# [What you need to do]
Below is a listing. Set down exactly the lines from the one containing "Fora o papo" through the one containing "Marpessa was a", both ends included, and leave out the rest.
++++ Records for processing ++++
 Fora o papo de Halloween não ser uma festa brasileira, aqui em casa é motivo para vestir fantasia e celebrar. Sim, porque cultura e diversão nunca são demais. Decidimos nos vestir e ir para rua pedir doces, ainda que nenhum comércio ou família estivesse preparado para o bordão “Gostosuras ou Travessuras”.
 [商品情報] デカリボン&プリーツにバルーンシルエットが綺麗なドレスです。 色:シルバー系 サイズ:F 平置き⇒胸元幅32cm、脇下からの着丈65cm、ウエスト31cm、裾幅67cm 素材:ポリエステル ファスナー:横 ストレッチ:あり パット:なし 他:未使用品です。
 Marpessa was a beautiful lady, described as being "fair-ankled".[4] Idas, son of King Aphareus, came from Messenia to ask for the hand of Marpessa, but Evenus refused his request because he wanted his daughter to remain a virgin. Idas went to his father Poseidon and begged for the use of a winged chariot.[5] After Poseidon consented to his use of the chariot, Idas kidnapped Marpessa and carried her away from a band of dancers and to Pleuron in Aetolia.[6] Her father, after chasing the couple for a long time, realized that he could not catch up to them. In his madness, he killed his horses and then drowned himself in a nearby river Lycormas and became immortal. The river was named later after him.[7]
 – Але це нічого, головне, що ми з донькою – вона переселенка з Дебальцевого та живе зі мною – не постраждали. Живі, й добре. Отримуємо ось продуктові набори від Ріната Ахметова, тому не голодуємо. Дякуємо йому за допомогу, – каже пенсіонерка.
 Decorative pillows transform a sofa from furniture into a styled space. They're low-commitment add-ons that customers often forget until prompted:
++++
++++ Records for processing ++++
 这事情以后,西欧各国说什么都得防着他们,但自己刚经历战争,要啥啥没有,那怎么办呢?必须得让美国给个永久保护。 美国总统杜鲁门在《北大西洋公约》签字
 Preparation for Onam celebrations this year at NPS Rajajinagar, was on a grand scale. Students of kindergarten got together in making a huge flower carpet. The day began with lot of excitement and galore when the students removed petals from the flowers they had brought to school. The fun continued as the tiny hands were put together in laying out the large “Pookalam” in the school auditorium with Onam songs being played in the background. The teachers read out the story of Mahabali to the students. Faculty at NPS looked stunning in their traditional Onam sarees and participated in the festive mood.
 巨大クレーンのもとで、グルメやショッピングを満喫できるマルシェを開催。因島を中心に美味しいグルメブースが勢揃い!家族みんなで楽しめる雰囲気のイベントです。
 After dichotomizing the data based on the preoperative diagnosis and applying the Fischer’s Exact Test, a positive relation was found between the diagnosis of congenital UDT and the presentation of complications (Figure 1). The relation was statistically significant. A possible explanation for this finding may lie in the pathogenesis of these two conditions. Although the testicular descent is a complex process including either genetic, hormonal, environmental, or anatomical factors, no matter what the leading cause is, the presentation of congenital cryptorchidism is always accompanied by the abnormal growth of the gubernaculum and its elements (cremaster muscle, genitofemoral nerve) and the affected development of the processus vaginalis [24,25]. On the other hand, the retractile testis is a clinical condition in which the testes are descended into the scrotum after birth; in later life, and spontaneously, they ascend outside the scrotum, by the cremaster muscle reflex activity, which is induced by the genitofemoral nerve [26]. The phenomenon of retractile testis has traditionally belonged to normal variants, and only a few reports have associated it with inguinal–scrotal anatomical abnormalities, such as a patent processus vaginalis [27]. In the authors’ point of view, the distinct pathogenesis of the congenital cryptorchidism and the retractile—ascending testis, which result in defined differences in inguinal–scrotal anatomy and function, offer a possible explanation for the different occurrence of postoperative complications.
++++
# [Completed exercise]
 Fora o papo de Halloween não ser uma festa brasileira, aqui em casa é motivo para vestir fantasia e celebrar. Sim, porque cultura e diversão nunca são demais. Decidimos nos vestir e ir para rua pedir doces, ainda que nenhum comércio ou família estivesse preparado para o bordão “Gostosuras ou Travessuras”.
 [商品情報] デカリボン&プリーツにバルーンシルエットが綺麗なドレスです。 色:シルバー系 サイズ:F 平置き⇒胸元幅32cm、脇下からの着丈65cm、ウエスト31cm、裾幅67cm 素材:ポリエステル ファスナー:横 ストレッチ:あり パット:なし 他:未使用品です。
 Marpessa was a beautiful lady, described as being "fair-ankled".[4] Idas, son of King Aphareus, came from Messenia to ask for the hand of Marpessa, but Evenus refused his request because he wanted his daughter to remain a virgin. Idas went to his father Poseidon and begged for the use of a winged chariot.[5] After Poseidon consented to his use of the chariot, Idas kidnapped Marpessa and carried her away from a band of dancers and to Pleuron in Aetolia.[6] Her father, after chasing the couple for a long time, realized that he could not catch up to them. In his madness, he killed his horses and then drowned himself in a nearby river Lycormas and became immortal. The river was named later after him.[7]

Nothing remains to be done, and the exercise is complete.